Structures are involved :

  • Latissimus dorsi,
  • Thoracolumbar fascia,
  • Gluteus maximus
  • Superior portion or gluteus medius.

Function (Brief):

IT stabilize the posterior kinetic chain Which including lumbar spine and sacroiliac joint. It transfers the force between us upper extremity and lower extremities eventually, integrated pulling movement of a body.

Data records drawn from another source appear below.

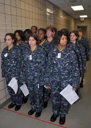 Keywords: US Navy 090430-N-8848T-972 Female recruits wait to have their newly issued navy working uniform examined by seamstresses at Recruit Training Command.jpg en GREAT LAKES Ill April 30 2009 Female recruits wait to have their newly issued navy working uniform examined by seamstresses at Recruit Training Command The uniform will replace the current working uniform and all present recruits will be issued the new working uniform over the next several weeks New recruits will be issued the uniform on their second day at boot camp U S Navy photo by Scott A Thornbloom/Released 2009-04-30 090430-N-8848T-972 Navy http //www navy mil/view_image asp id 71265 U S Navy photo PD-USGov-Military-Navy Recruit Training Command Great Lakes Illinois Women in the United States Navy |
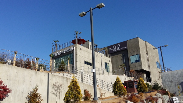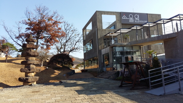 소울원을 찾아가는 길은 좀 낯설었다. 자유로를 따라 이어지는 파주출판도시, 헤이리예술마을, 임진각 평화누리와 멀지 않은 위치지만, 농경지 사이로 크고 작은 공장과 창고 건물들이 교대로 나타나는 국도를 따라 잠시 달려야 하기 때문이다. 탄현면사무소(고양시 탄현동 말고 파주 탄현!) 삼거리에서 축현리 방향으로 핸들을 꺾으니 길은 더 좁아진다. 이런 평범한 동네에 명품정원이 있기나 한 걸까, 의아해 질 때쯤 불쑥 소울원이 나타난다. 주차장에 차를 세우니 작은 언덕 위로 카페와 레스토랑이 있는 모던한 디자인의 건물이 보인다. 건물까지 오르는 긴 경사로 역시 자갈과 시멘트로 세련되게 장식됐다.
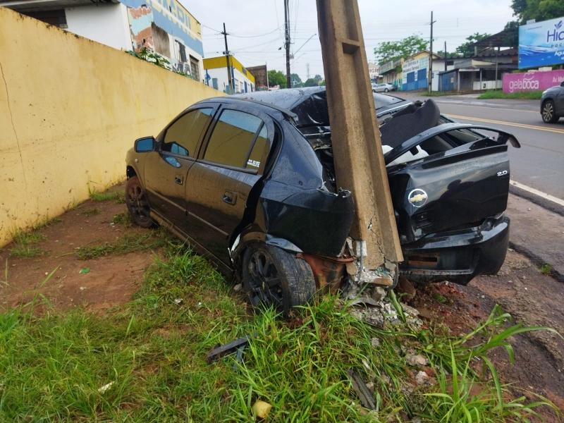Carro colide contra poste em Guaíra
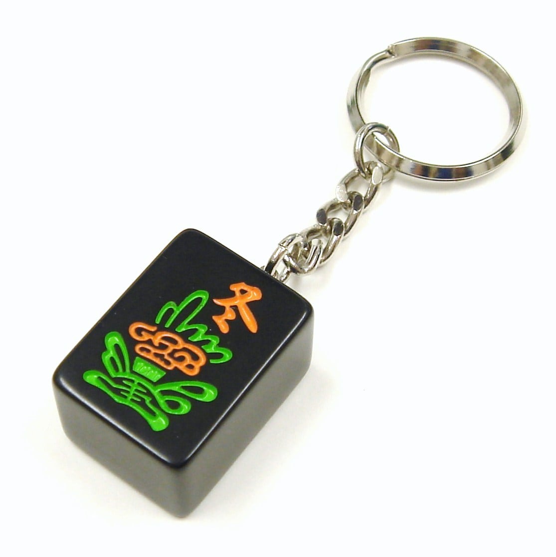 ブラック麻雀パイ(大)キーホルダー 花牌 冬
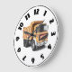 Um caminhão de lixo é algo em cada cidade. Esta design é de um caminhão de lixo grande. É da frente e levemente para trás. O caminhão é marrom. Este design de caminhão de lixo parece excelente neste relógio. Perfeito para si mesmo ou como presente
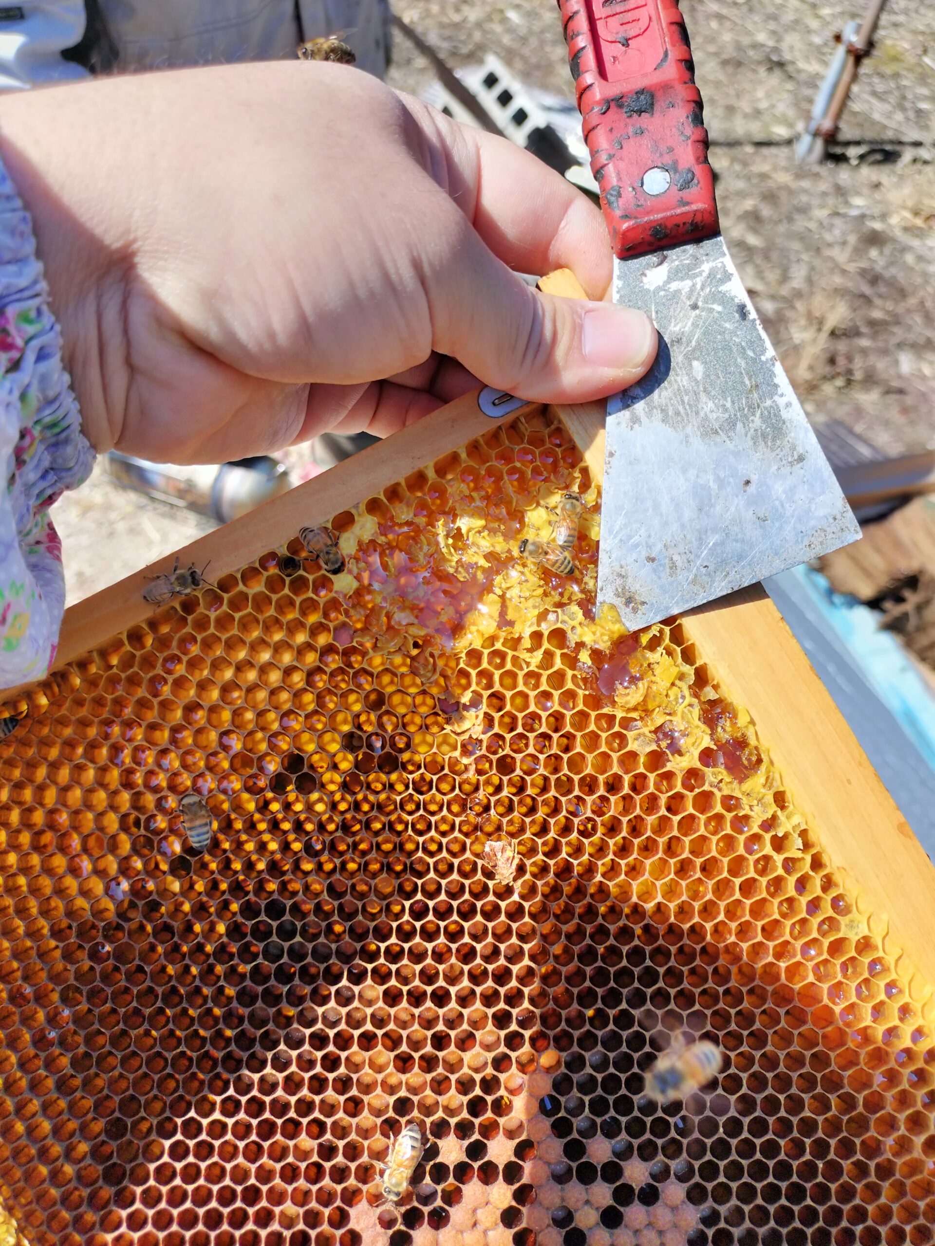 これらは人間が蓋を傷つけてやらないとミツバチたちが食べようとしないのでこのようにへらで巣に傷をつけます。
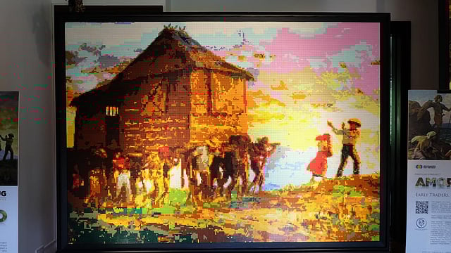 Amorsolo's iconic paintings "Bayanihan", "Dalagang Bukid", and "Early Traders" using LEGO.
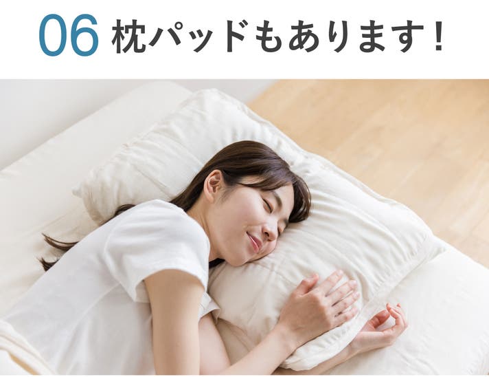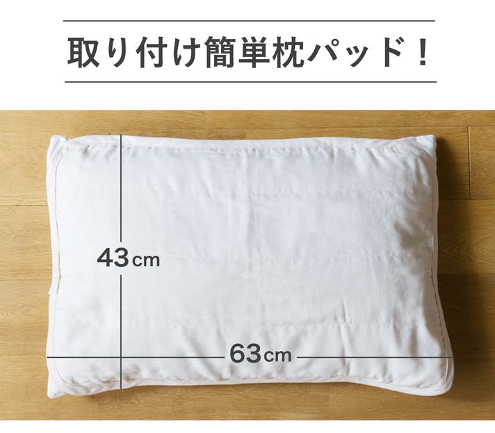 枕パッドは43×63cmの定番サイズだから、お手持ちの枕に合わせやすい。しっかりと枕を覆います。
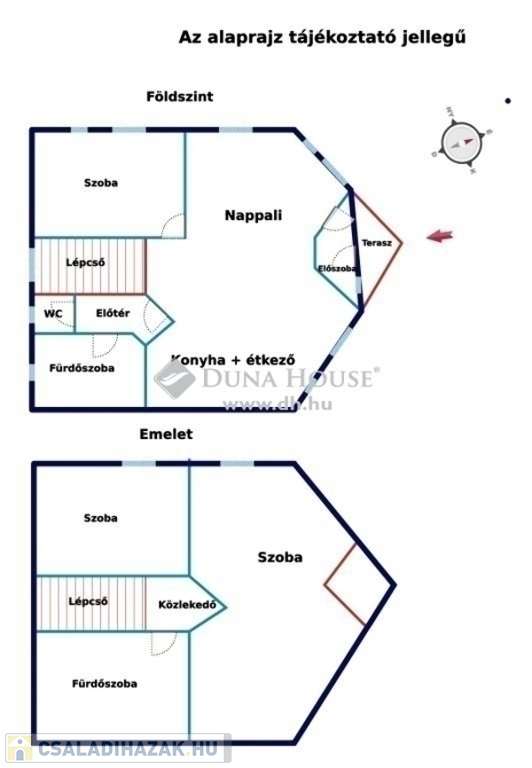 Az emelet jelenleg majdnem szerkezetkész állapotban van és sok lehetőséget rejt magában. A lépcsőn felérve egy közlekedőhöz érkezünk, amelyből két szoba (30nm,11nm) nyílik, valamint egy fürdőszoba.
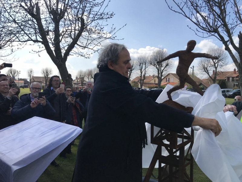 À côté de la statue, sur la place verte où les galibots tapaient leurs premiers ballons, une petite scène a été montée. De nouveaux discours se succèdent : le maire de la commune, Albert Gemmrich, reprend la parole, pas Platini. Au nom du Comité des internationaux de France, le fils de Jean-Pierre Piumi évoque « ce petit village où les grands hommes sont à leur place », « ce romantisme du football qu’on perd de vue » et « le devoir de mémoire nécessaire car, si beau et rutilant soit un arbre, il a besoin de ses racines ». La foule apprécie, Carlo Molinari aussi. L’ancien président messin est passé en ami, et salue tout le monde. Mais il s’éloigne, volontairement, au moment où Michel Platini et Bernard Zénier découpent, en compagnie du maire, le ruban de la nouvelle statue. On y voit un footballeur perché en haut d’un chevalement, sur un casque de mineur. À côté de l’artiste local, Platini glisse un joli compliment : « C’est très beau, c’est vraiment du beau travail. »
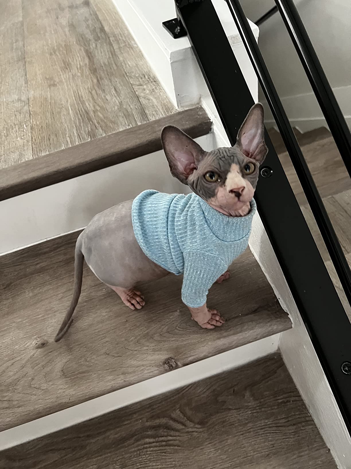 For reference my kitty is 4 months old and around 4lbs, I ordered an xs. I should have gotten one size up as he will probably grow out of it extremely fast but I was not thinking straight! Anyways I would order one size up if your little one is still growing. The sweater is very lightweight, perfect for us here in Florida :)

  • Eccentric deceleration of total body
  • Transference of force between lower and upper extremities
  • Maintaining alignment of the lumbosacral joints
  • Maintaining femoral alignment during legs with pull

Functional Arthrokinematics:

This subsystem is an important stabilizer of the posterior kinetic chain.  The fiber arrangement in such a way i.e subsystem indicate a special role in sacroiliac joint (SIJ) arthrokinematics, and lumbo-sacral function.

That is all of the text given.